By Luke Geiver | February 10, 2020

Equinor-backed Upwing Energy has gone to Indiana to test a new shale innovation capable of improving gas production and recoverable reserves by decreasing bottom hole flowing pressure and causing higher reservoir drawdown.

Upwing is a spin-off from Calnetix Technologies, a company that develops and manufactures high-speed motors, magnetic bearings and power electronics. Working with Riverside Petroleum, Upwing completed a trial of its subsurface compressor system. The trial showed a 62 percent increase in gas production and a 50 percent increase in liquid production over a steady state system previously installed with a rod pump.

“Upwing has the technology and system-level integration capabilities to not only make a step change in the reliability and economic feasibility of downhole artificial lift systems, but also to recover significantly more gas and liquids from reservoirs than has been possible previously,” said Herman Artinian, President and CEO of Upwing Energy. “We greatly value our partnership with Riverside Petroleum. In addition to providing us with a trial well, they have been extremely supportive throughout the evaluation, deployment and trial process.”

According to the company, The SCS carries liquids to the surface by creating higher gas velocities throughout the vertical and horizontal wellbores and prevents vapor condensation by increasing the temperature of the gas when exiting the compressor.

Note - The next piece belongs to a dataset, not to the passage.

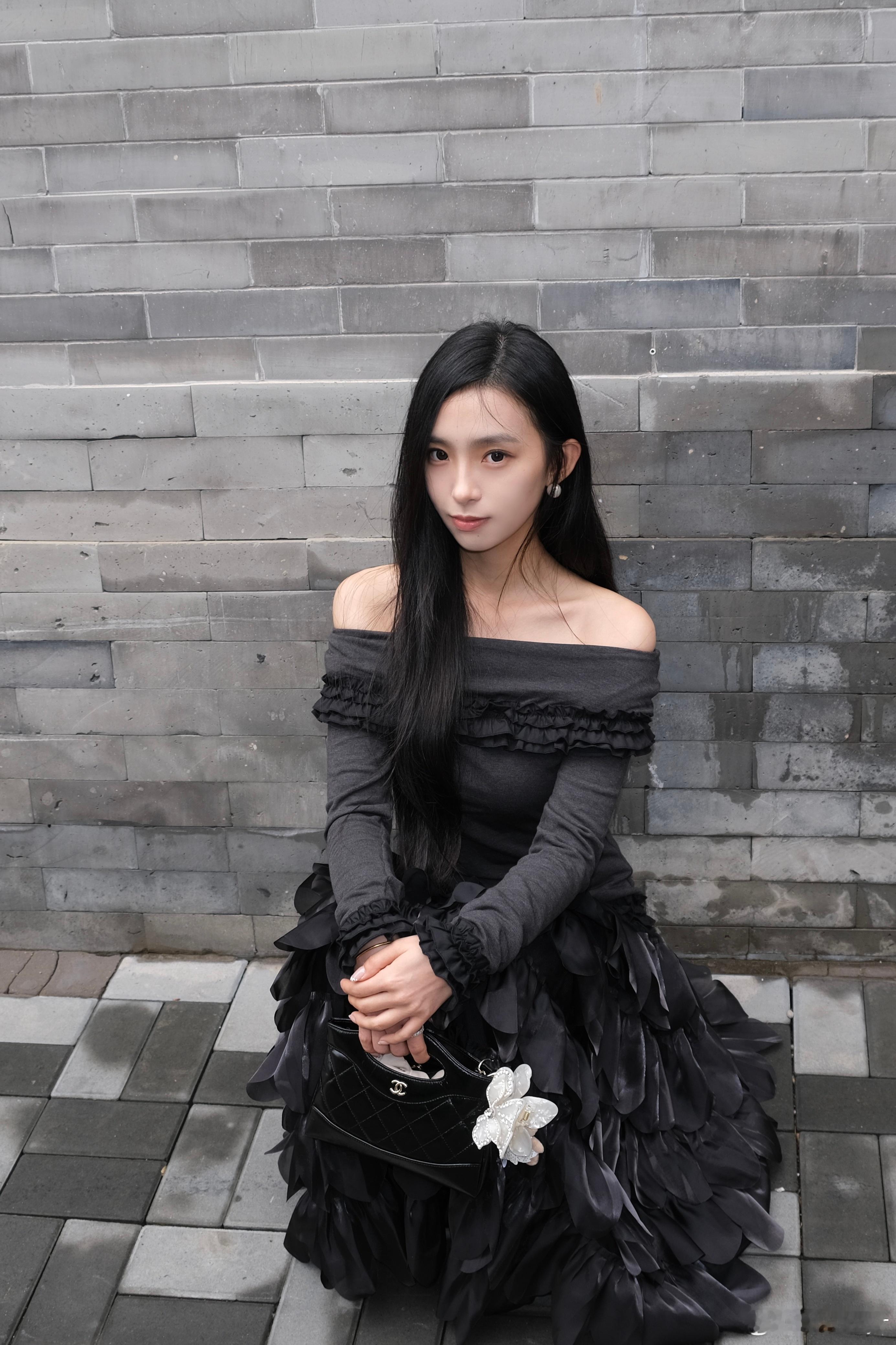 美图欣赏,看图写诗《黑纱魅影》林间幽径现芳踪,黑纱凝韵味千重。一眸

More takeaways from the field trial:

This was the first time a system comprised of a high-speed permanent magnet motor, magnetic coupling, passive magnetic bearings with electronic dampers and sensorless high-frequency controls has been deployed successfully in the downhole environment.

Upwing’s SCS was deployed in an unconventional well with a 2,000-foot vertical wellbore and a 5,000-foot horizontal wellbore, where liquid had accumulated. The compressor was installed at the bottom of the vertical section with a tail pipe extending approximately 1,000 feet into the horizontal to provide enough velocity to carry liquids while minimizing friction losses. The installation was very similar to electric submersible pump (ESP) systems in that the SCS unit was tubing deployed, and the electrical cable with the instrumentation was secured around the tubing. The trial period started at the end of October, and the SCS was pulled out in early December.

When the SCS operated at 30,000 RPM, the gas velocity increased to 29 feet per second, and a high rate of liquid was carried to the surface. The hybrid axial compressor was able to atomize the liquid into a very fine mist, which together with the increased velocity and heat generated from the exit of the compressor helped carry the liquids to the surface. The compressor blades showed no sign of degradation despite moving a significant amount of liquids.